## Exercise description
Only the number is requested. Tally the lines of the data that hold the string "Madonna".

········

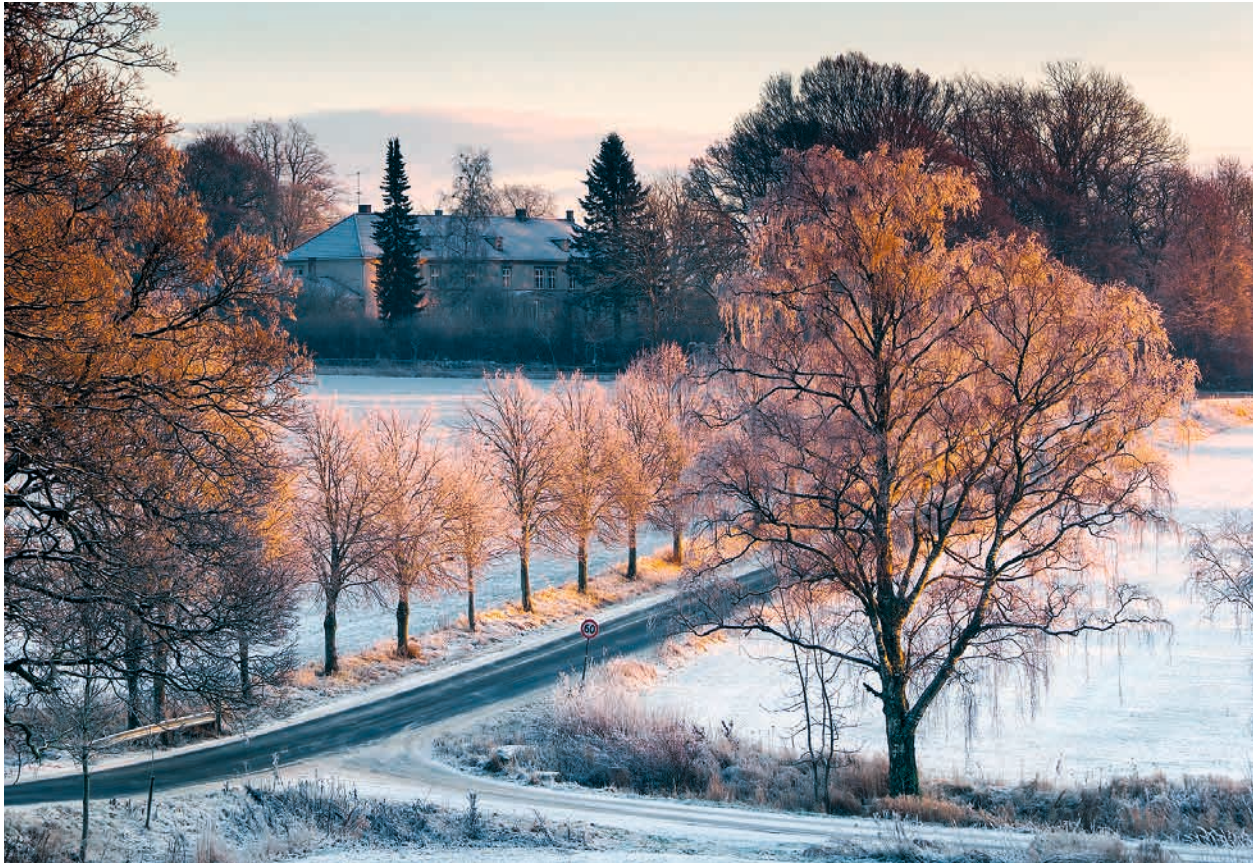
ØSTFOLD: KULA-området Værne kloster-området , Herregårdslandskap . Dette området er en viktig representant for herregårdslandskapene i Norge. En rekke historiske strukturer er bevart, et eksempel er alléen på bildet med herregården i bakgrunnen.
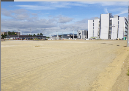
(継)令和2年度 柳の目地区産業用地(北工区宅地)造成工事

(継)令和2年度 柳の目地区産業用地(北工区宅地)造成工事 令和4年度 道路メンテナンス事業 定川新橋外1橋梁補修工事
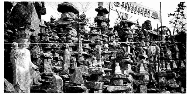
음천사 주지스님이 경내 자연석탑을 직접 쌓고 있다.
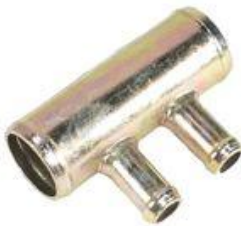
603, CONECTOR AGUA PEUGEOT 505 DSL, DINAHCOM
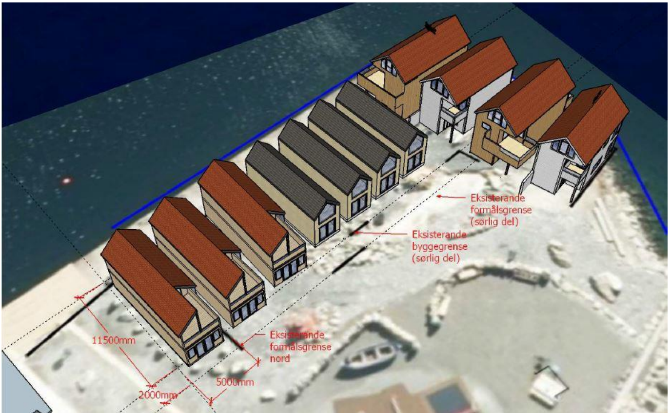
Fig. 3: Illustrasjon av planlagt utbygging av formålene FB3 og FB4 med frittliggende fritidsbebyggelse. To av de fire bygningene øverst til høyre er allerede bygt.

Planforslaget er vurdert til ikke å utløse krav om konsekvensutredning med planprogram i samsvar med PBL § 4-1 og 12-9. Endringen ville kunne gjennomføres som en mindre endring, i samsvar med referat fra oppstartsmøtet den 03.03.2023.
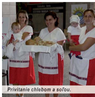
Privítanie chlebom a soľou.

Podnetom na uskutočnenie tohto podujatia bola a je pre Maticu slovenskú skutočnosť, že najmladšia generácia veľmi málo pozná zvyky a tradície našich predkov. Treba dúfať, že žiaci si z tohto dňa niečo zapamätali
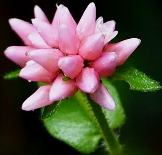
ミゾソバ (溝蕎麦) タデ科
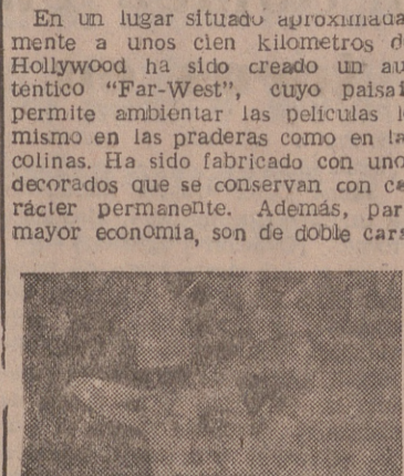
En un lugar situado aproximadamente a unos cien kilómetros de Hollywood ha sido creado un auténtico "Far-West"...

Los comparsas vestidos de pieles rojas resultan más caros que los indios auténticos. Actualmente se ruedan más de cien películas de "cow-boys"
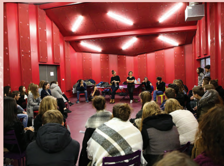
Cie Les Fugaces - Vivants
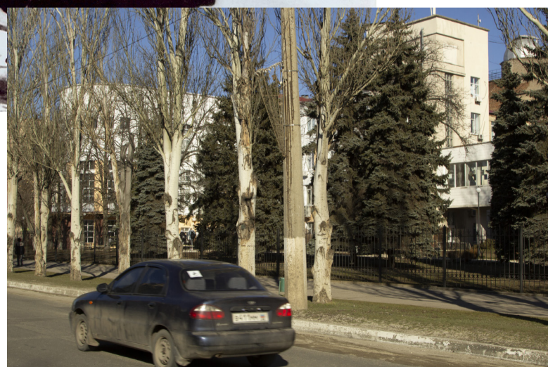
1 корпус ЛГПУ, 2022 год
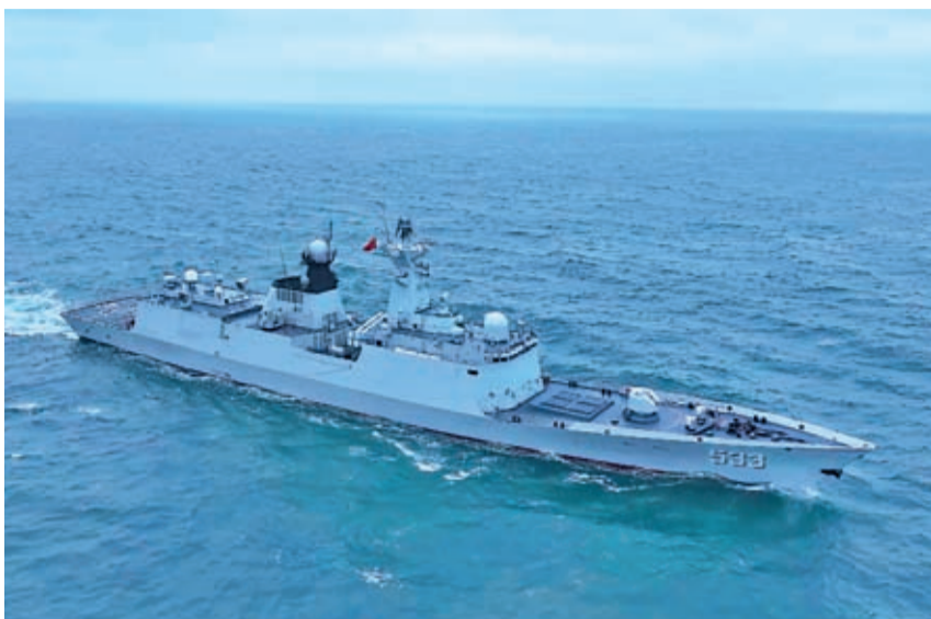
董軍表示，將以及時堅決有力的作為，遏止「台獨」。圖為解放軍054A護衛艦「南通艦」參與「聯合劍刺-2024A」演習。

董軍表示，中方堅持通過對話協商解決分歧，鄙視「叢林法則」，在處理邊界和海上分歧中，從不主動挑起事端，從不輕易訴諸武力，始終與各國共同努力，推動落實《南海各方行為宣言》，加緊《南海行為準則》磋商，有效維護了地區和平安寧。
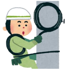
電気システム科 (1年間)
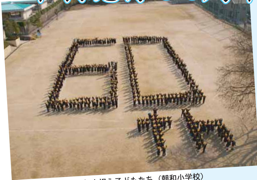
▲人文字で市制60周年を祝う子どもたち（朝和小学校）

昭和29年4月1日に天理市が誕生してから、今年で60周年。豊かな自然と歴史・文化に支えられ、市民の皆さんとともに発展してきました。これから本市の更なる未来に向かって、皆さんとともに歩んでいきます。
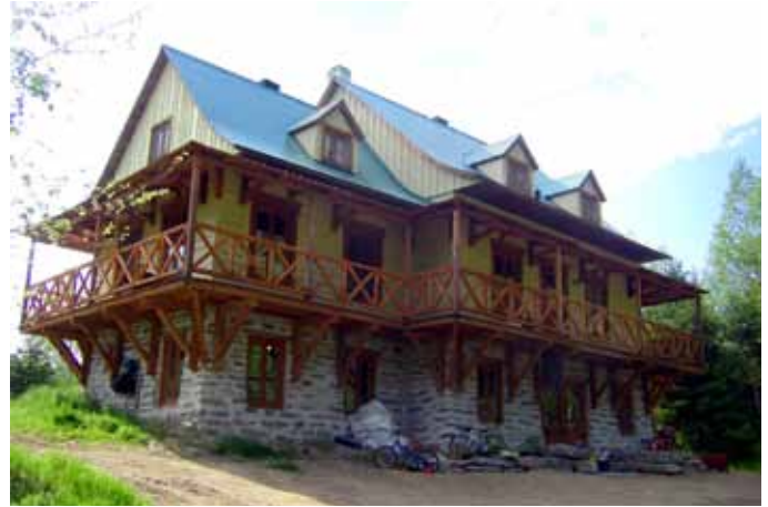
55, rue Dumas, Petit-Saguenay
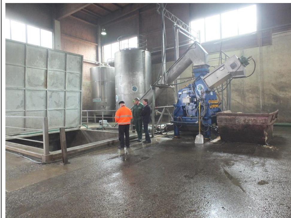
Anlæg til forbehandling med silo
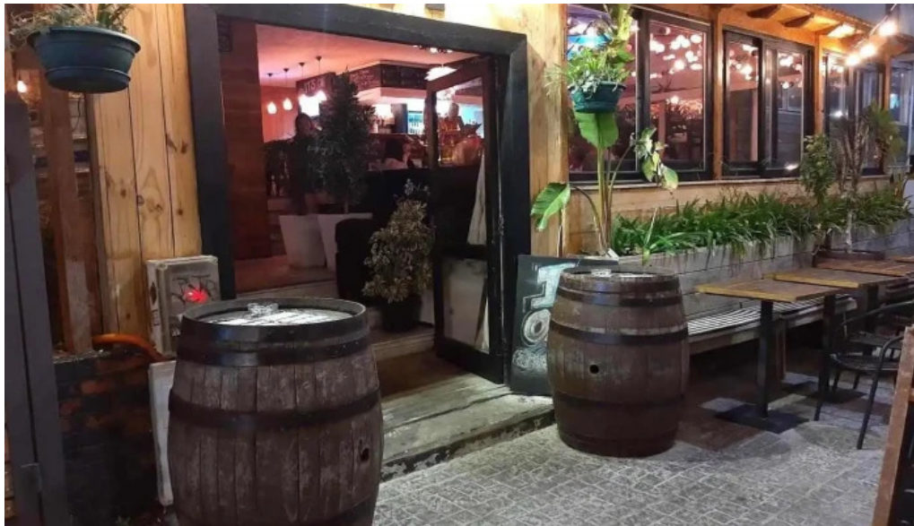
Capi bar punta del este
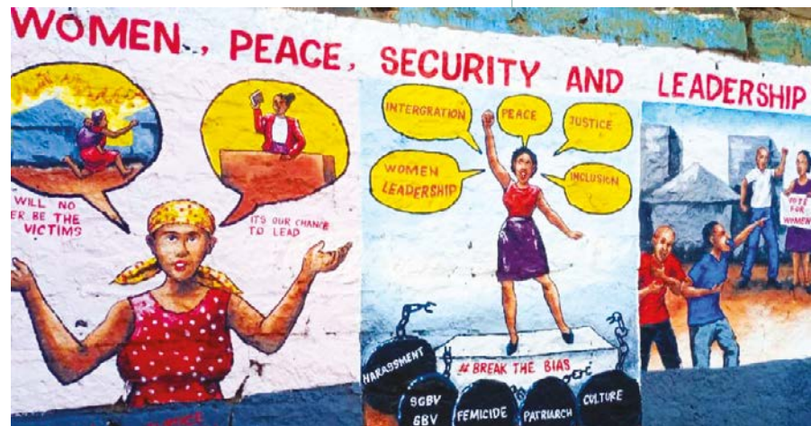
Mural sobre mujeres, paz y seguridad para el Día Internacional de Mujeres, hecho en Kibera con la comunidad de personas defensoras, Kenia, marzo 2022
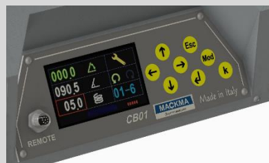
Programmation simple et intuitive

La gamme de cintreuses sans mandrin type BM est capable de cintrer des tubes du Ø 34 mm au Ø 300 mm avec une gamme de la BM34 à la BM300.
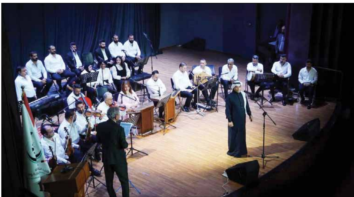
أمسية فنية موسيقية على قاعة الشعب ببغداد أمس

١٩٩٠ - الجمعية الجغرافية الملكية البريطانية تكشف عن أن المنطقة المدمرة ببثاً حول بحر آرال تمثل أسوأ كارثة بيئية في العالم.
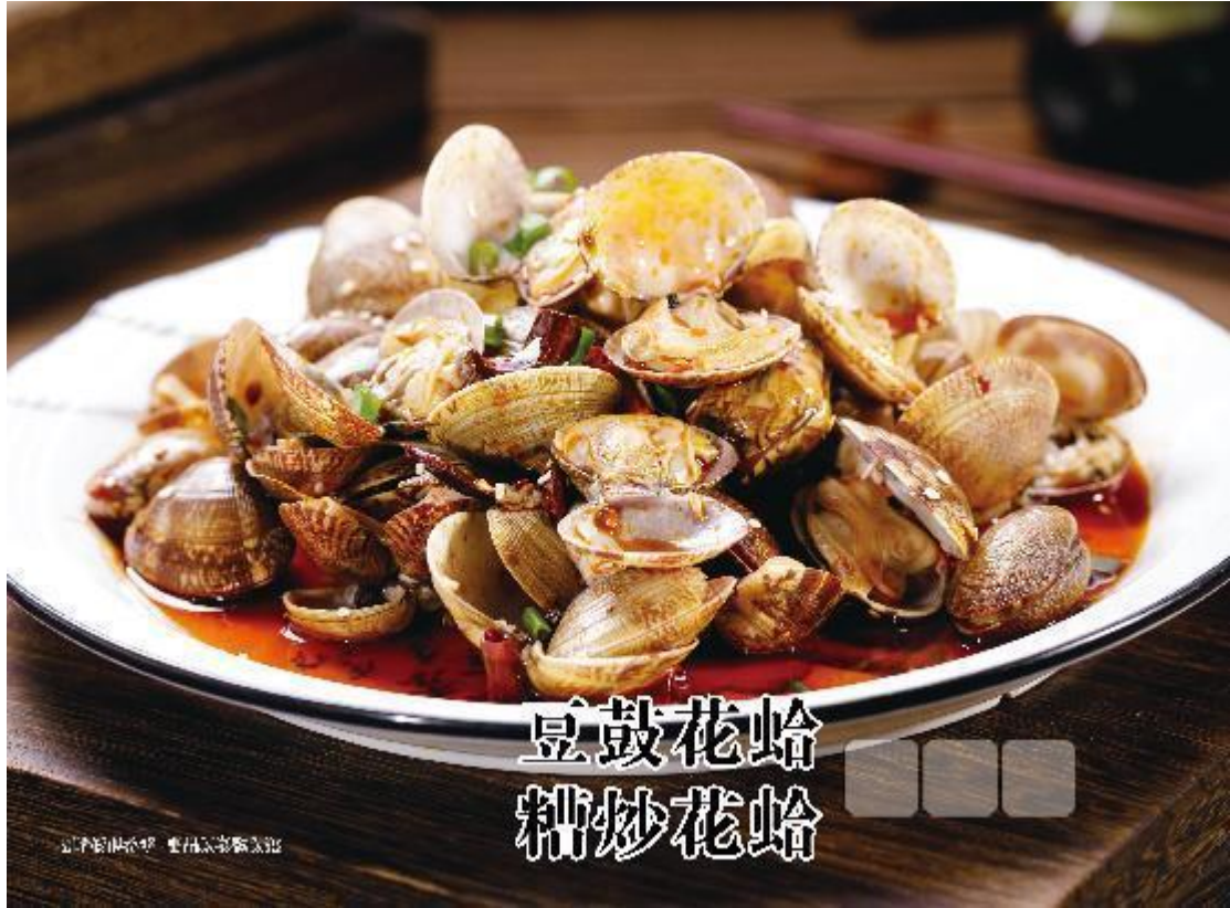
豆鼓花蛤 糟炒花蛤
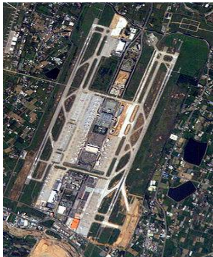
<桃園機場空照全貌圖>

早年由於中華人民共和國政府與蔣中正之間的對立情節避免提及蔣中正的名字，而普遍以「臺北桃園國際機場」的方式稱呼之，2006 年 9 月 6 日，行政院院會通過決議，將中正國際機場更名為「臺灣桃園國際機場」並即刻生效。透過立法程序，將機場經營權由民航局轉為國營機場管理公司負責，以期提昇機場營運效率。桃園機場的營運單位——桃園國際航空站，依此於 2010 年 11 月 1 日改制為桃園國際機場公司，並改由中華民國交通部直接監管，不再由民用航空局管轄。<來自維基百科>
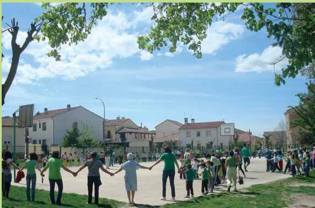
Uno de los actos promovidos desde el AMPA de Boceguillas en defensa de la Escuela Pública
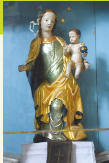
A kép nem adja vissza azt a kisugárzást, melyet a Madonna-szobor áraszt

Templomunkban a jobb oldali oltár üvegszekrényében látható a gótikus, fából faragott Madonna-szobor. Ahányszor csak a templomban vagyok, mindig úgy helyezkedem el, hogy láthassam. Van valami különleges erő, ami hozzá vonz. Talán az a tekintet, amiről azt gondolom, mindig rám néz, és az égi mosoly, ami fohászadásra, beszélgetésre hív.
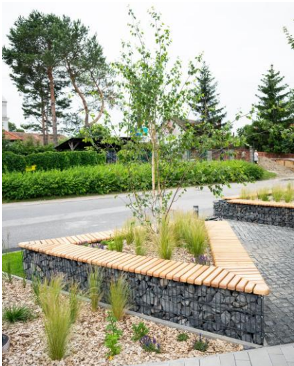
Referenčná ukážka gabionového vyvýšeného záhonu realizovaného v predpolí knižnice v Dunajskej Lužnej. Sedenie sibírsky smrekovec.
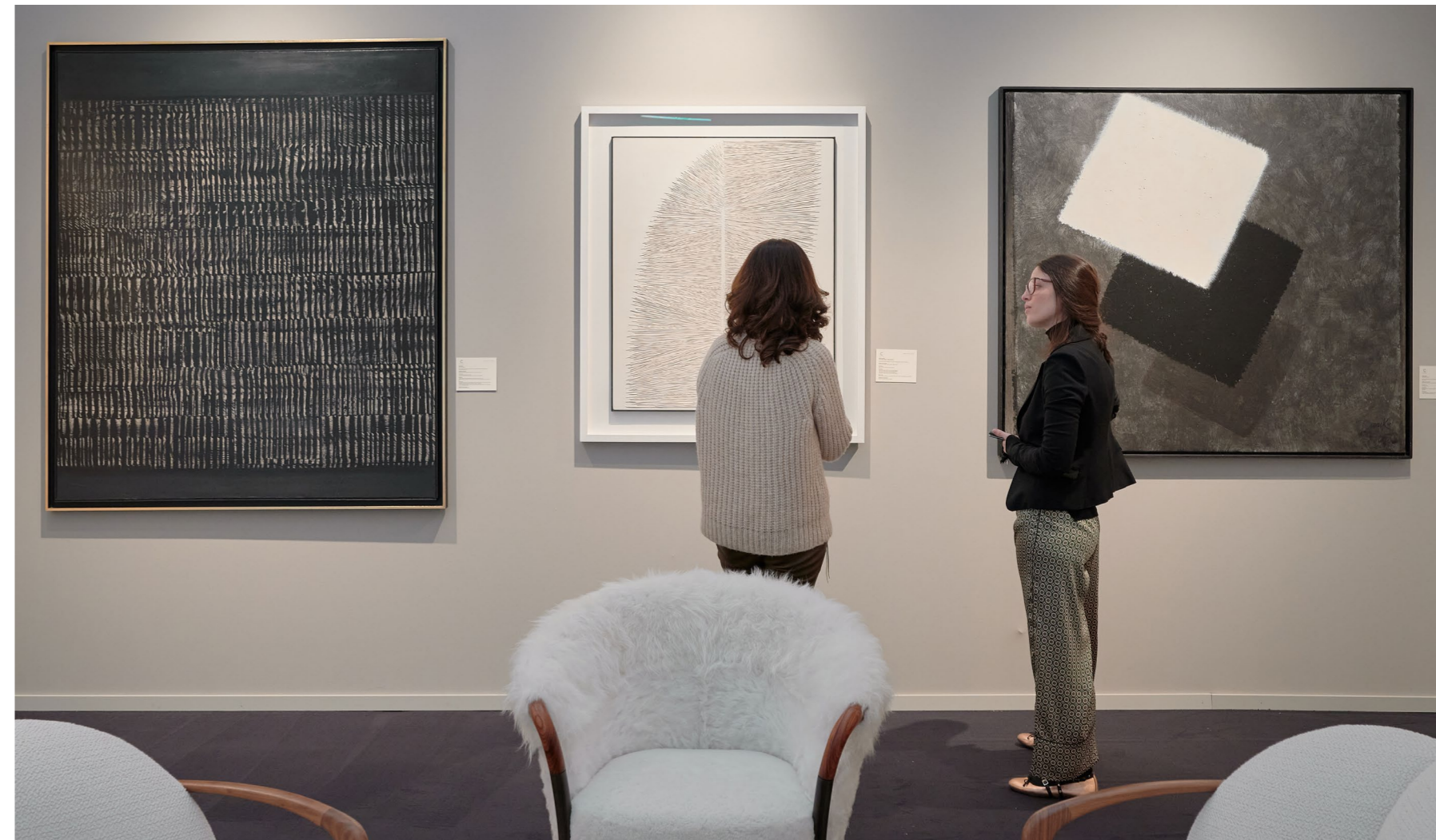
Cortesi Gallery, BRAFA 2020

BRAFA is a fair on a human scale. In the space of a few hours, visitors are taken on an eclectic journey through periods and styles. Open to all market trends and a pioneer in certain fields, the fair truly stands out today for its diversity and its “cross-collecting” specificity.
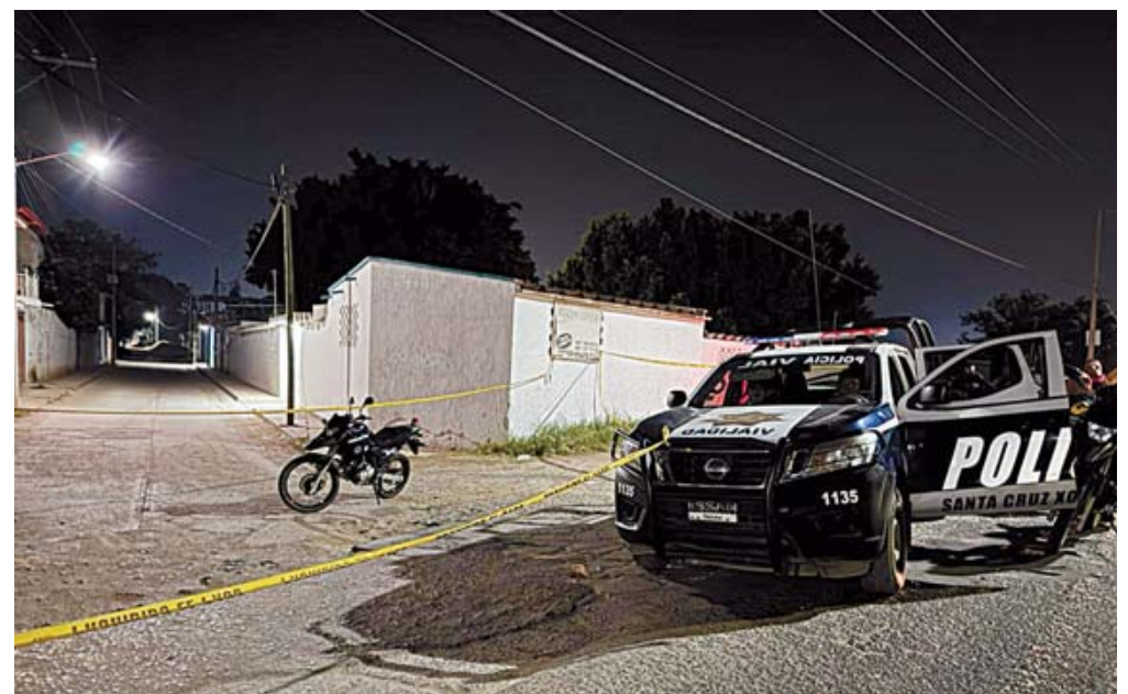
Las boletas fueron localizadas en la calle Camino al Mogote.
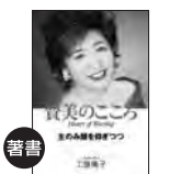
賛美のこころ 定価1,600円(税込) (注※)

········

## Solved exercise
2